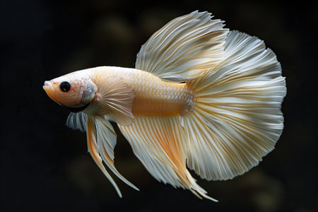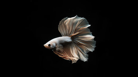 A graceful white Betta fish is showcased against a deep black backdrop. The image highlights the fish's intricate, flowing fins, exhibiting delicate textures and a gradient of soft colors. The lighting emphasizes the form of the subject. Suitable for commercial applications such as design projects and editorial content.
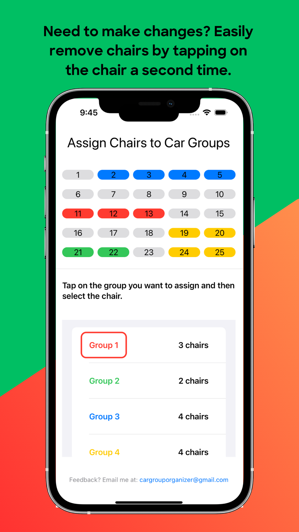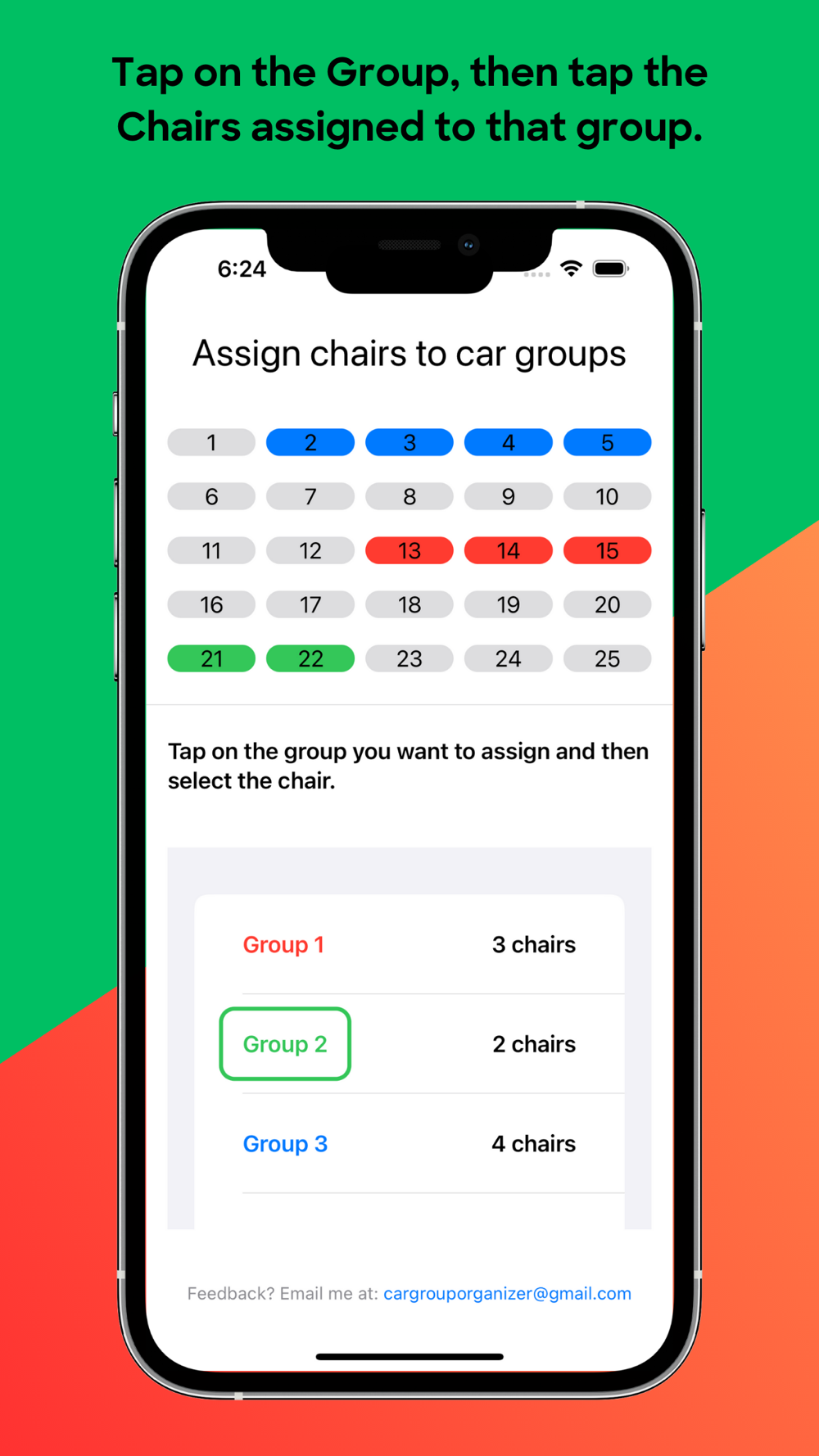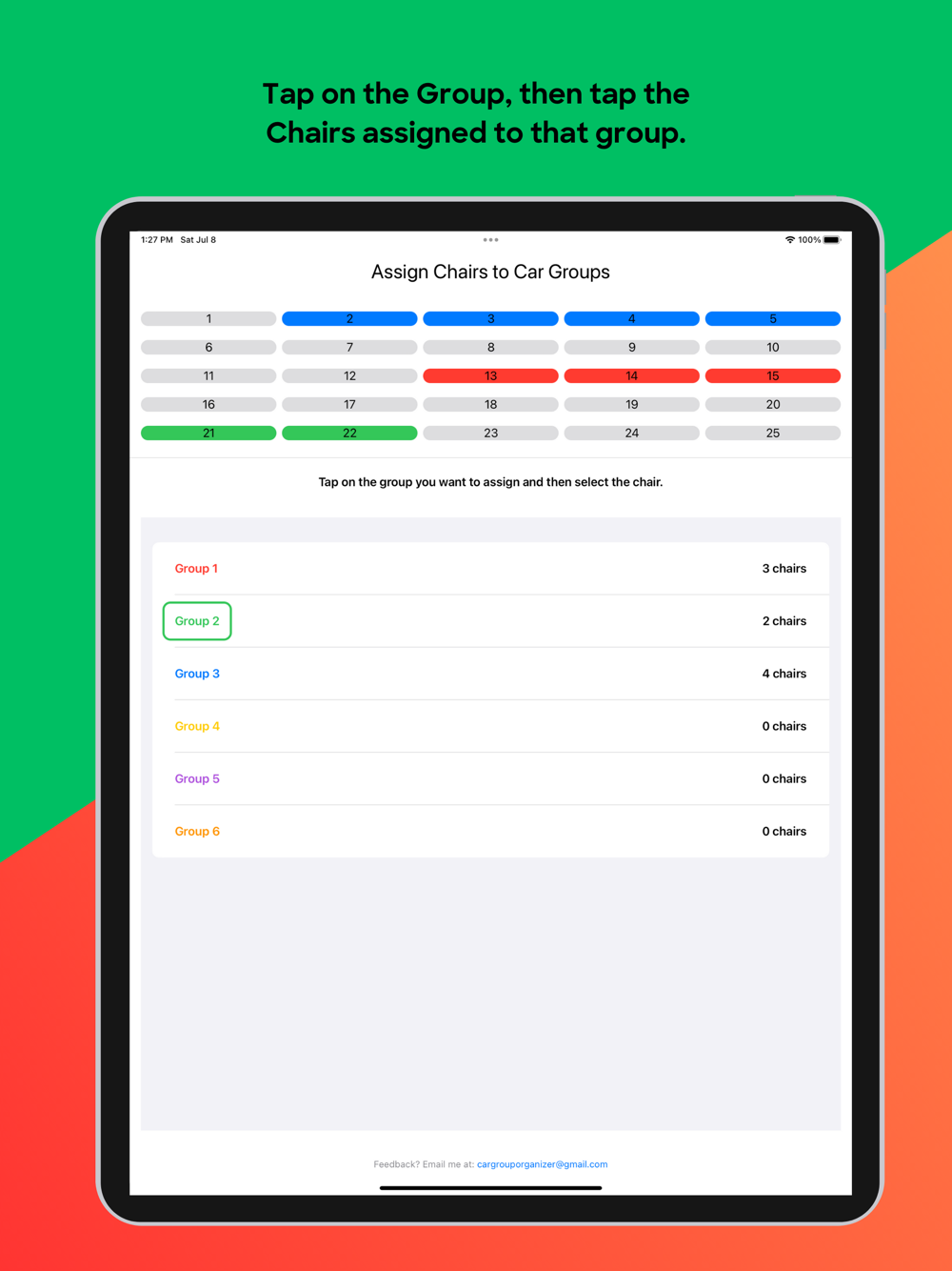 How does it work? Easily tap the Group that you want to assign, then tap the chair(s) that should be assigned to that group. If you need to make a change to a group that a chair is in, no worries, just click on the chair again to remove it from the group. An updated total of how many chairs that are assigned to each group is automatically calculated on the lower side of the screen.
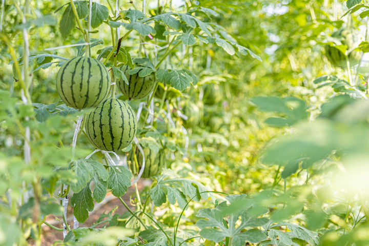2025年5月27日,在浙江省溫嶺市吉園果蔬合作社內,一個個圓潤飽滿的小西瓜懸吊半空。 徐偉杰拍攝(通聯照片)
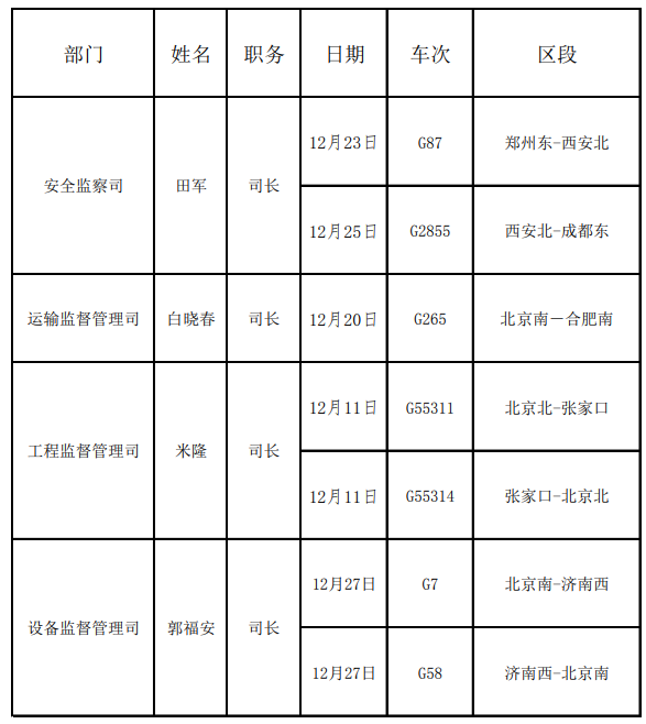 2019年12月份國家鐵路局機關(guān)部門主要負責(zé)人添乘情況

-------

» **Exercise aim**
With the pictures omitted, copy exactly the lines from the line that contains "2025年5月27日,在浙江" through the end of the material.

» **Solution to this problem**
2025年5月27日,在浙江省溫嶺市吉園果蔬合作社內,一個個圓潤飽滿的小西瓜懸吊半空。 徐偉杰拍攝(通聯照片)
 2019年12月份國家鐵路局機關(guān)部門主要負責(zé)人添乘情況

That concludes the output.